Typically one design from each year's course is fabricated. In selecting the design to be fabricated, both the quality of the design and the efficiency of its implementation (i.e. it's area) will be considered.
As much as possible you are left to make your own decisions on the form of your design.
Hopefully the research phase of this project will give you a good starting point for attempting this design. Further research is likely to be required as your ideas develop. Although your design may have more in common with microprocessors of the late 1970s and 1980s than with modern microprocessors, the same principles of good design apply.

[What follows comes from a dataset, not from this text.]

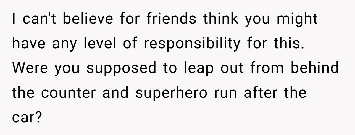 Still, it’s easy to see how guilt could creep in for a 17-year-old who was just trying to do her job. Could she have shouted a warning if she had noticed the thief? Possibly. But is it fair—or even remotely realistic—to expect her to monitor the parking lot like a security guard while also managing the shop?

Remember that you are not competing with the a multi-threaded, multi-core, superscalar, super-pipelined microprocessor; you are only competing with the designs put forward by other teams undertaking this course.

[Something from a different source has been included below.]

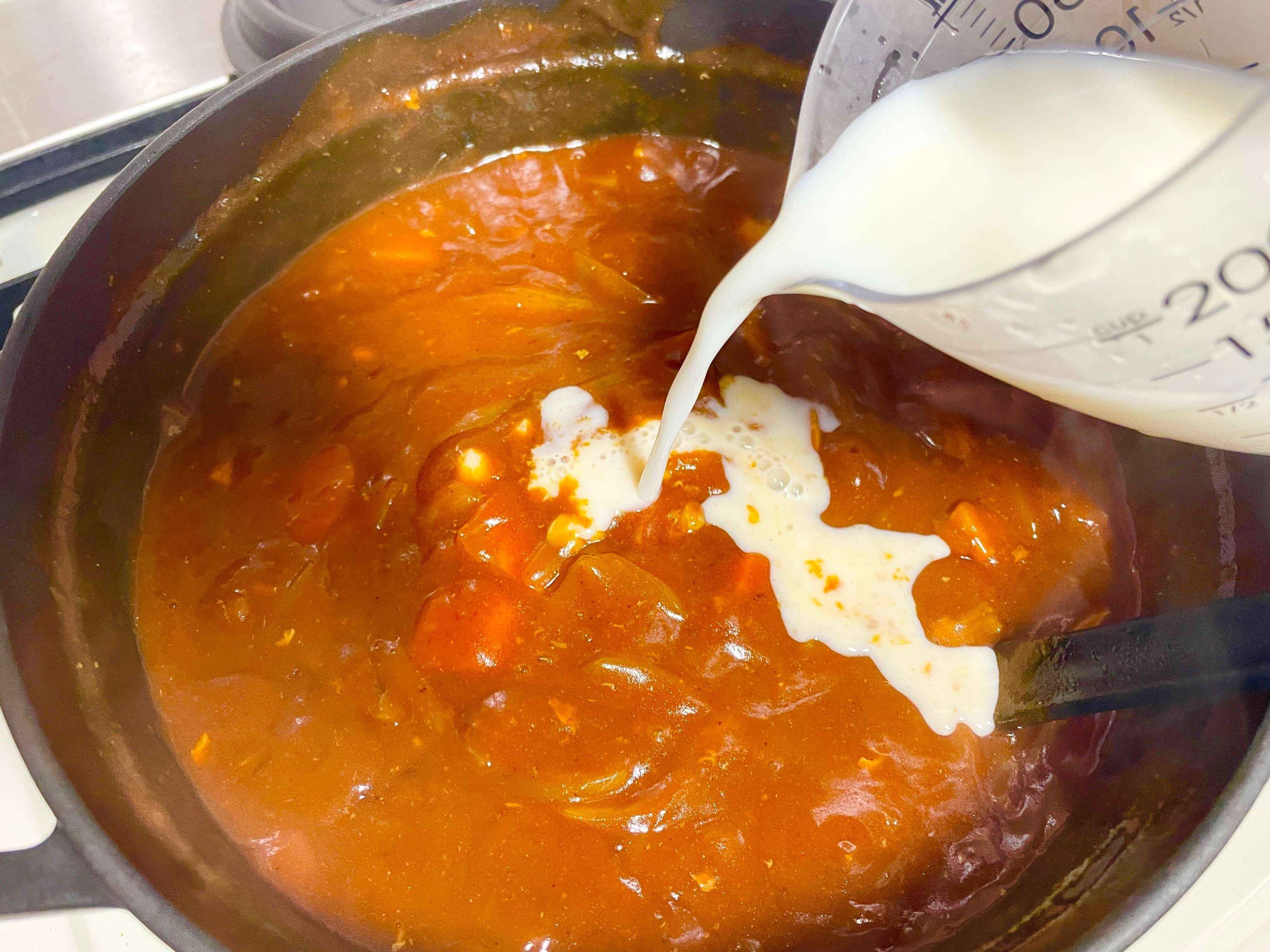 仕上げに牛乳でまろやかに

All memory accesses take four cycles of the system clock
Note that it is this four cycle memory access that precludes the use of pipelining in your design. No benefit can be gained from pipelining here without the use of an on-chip memory cache which is not within the scope of this project.
The nWait signal is used to lengthen the memory cycle when accessing slow peripherals. This input signal is normally high. It may be taken low by a slow peripheral during the Data Setup cycle. Should this occur, the microprocessor should remain in the Data Setup cycle until nWait becomes high again.
The nIRQ signal is an active low, level sensitive, interrupt request input. Support for this interrupt facility is an optional extra, allowing you to show off your talents.
Notes
Support for interrupts is technically and conceptually difficult. Although any team may opt to attempt to implement interrupt support, if you fail to keep up with the design milestones for the interrupts you will have to remove interrupt support from your design.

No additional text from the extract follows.